EU urges Israel to lift its blockade of Gaza
The European Union urged Israel on Monday to lift its blockade of the Gaza Strip, and called for "credible international participation" in an investigation of the Israel Navy's deadly raid of an aid flotilla bound for the coastal territory earlier this month.
The EU added that it regretted the loss of nine Turkish lives aboard the aid convoy on May 31 and condemned the use of violence during the clashes.
"The Council believes that an immediate, full and impartial inquiry into these events and the circumstances surrounding them is essential," the European Foreign Affairs council said in a statement, hours after Israel revealed the members of its panel charged with probing the affair. "To command the confidence of the international community this should include credible international participation."

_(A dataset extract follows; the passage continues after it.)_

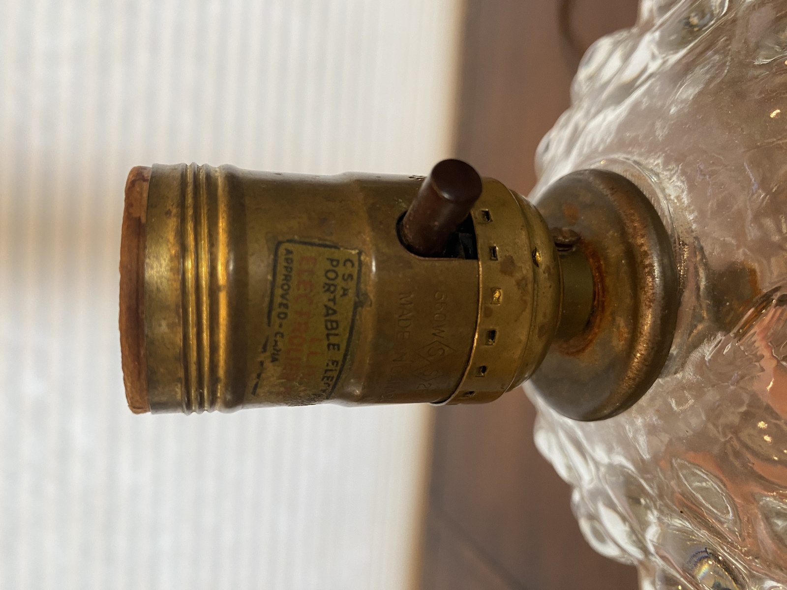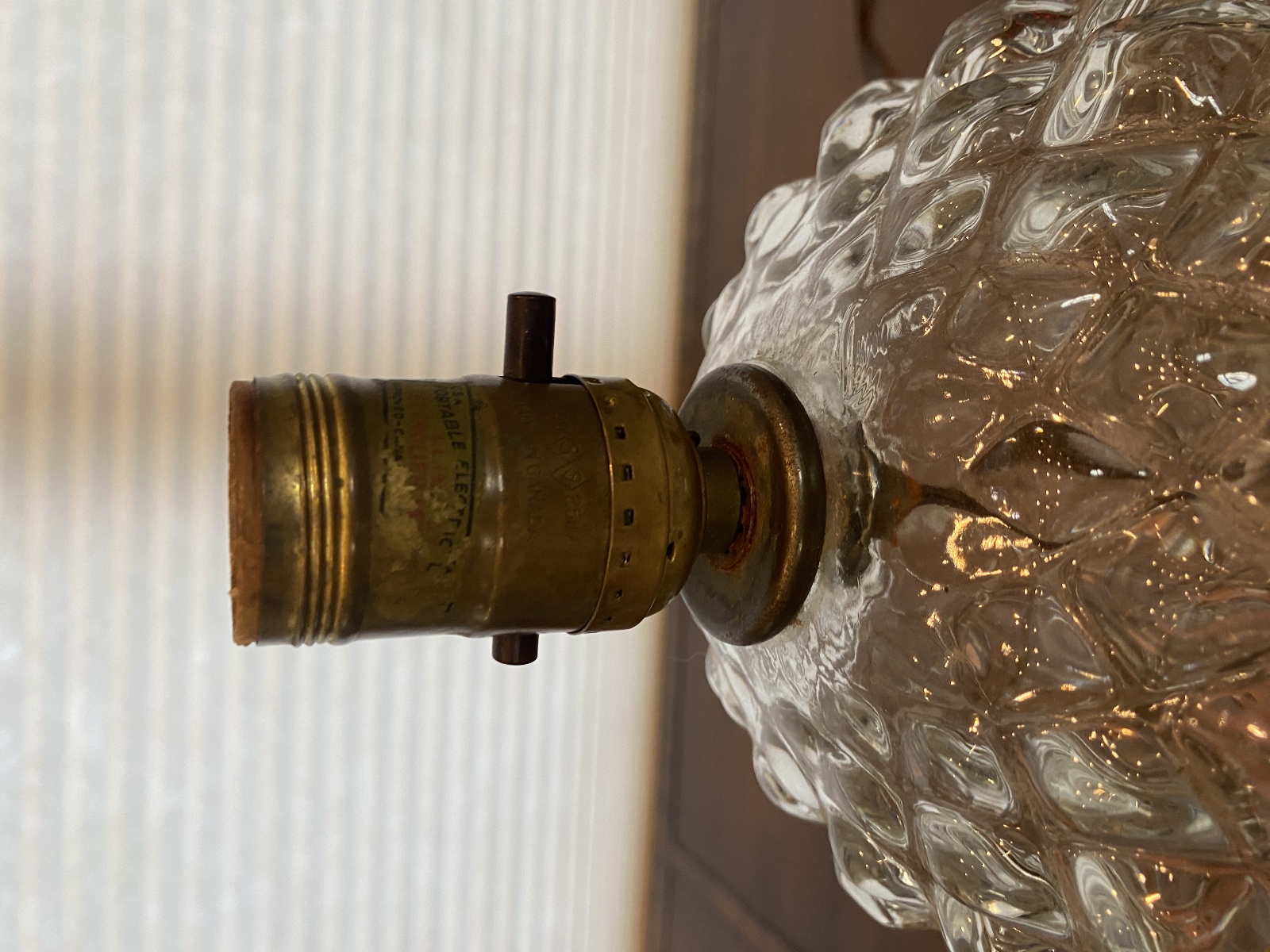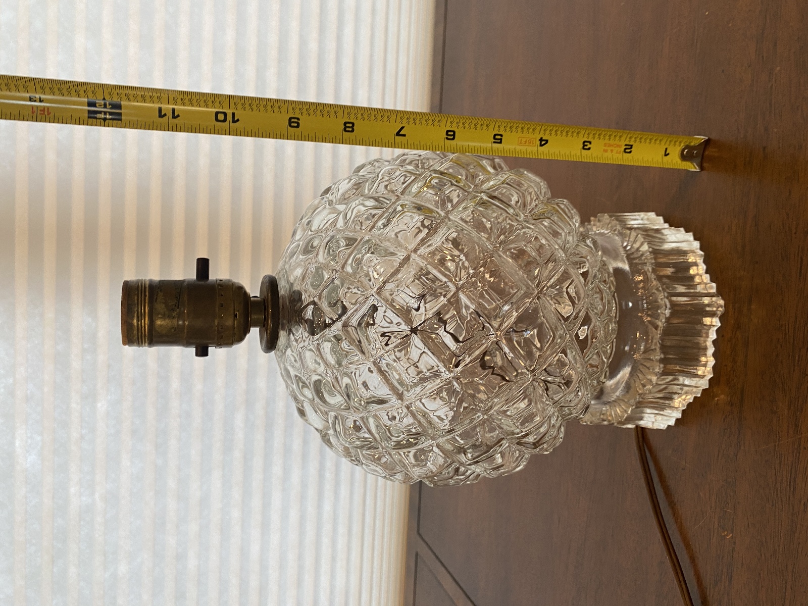 VTG Clear Diamond Quilted Glass Electric Lamp Base 11.75"H

In its statement, the EU issued its expected call on Israel to lift its blockade on the Gaza Strip, declaring: "The situation in Gaza remains unsustainable. The continued policy of closure is unacceptable and politically counterproductive. The EU calls for an urgent and fundamental change of policy leading to a durable solution to the situation in Gaza."
"In line with UNSC Resolution 1860, the EU reiterates its call for an immediate, sustained and unconditional opening of crossings for the flow of humanitarian aid, commercial goods and persons to and from Gaza including goods from the West Bank."
The council added in its statement that such a solution must address "Israel's legitimate security concerns including a complete stop to all violence and arms smuggling into Gaza."
It declared that it "deplored continuing acts of rocket fire [from Gaza]" and called on "all those responsible [to] take immediate and concrete steps to cease and prevent such violence."
The Council also called on the captors of Israeli soldier Gilad Shalit, who was seized in a 2006 cross-border raid from Gaza '"to release him without delay", to grant Red Cross representatives access to him and to "end its interference with the operations of NGOs and UN agencies in Gaza."
EU reaches deal on extra Iran sanctions.
The council also agreed at its meeting that European Union leaders will push ahead with plans for tighter sanctions against Iran on Thursday, including measures to stem investment in the oil and gas sector and Tehran's refining capability.
European Union foreign ministers, who are responsible for agreeing an EU-wide position ahead of an EU summit in Brussels on Thursday, signed off on a statement on Monday that goes substantially beyond the extra sanctions the United Nations agreed to impose on Iran last week, a draft shows.
The foreign ministers said the extra EU sanctions, which could be imposed from next month, should focus on trade, including dual-use items, banking and insurance and Iran's transport sector, including shipping and air cargo.
But the measures will also target "key sectors of the gas and oil industry with prohibition of new investment, technical assistance and transfers of technologies, equipment and services, in particular related to refining, liquefaction and
Liquefied Natural Gas", documents obtained by Reuters show.
The measures, which go beyond what some diplomats had expected, are likely to put strong financial pressure on Iran, which is the world's fifth largest crude oil exporter.
Sweden, Cyprus, Spain were believed to be opposed to any EU measures that go beyond the sanctions agreed at the United Nations, and Germany was said to have concerns about targeting Iran's oil and gas sector, where it has large investments.
The European Union's move is designed to put further pressure on Iran to return to negotiations over its uranium enrichment program, which the United States and other Western powers believe is designed to produce nuclear weapons.
Iran denies this and says its plans are peaceful.
The EU steps coincide with efforts by the U.S. Congress to draw up its own set of additional measures against Iran.
The EU-US measures are also designed to add bite to last week's UN sanctions package, parts of which were watered down by Russian and Chinese opposition. Their political impact was also undermined by Turkish and Brazilian votes against it.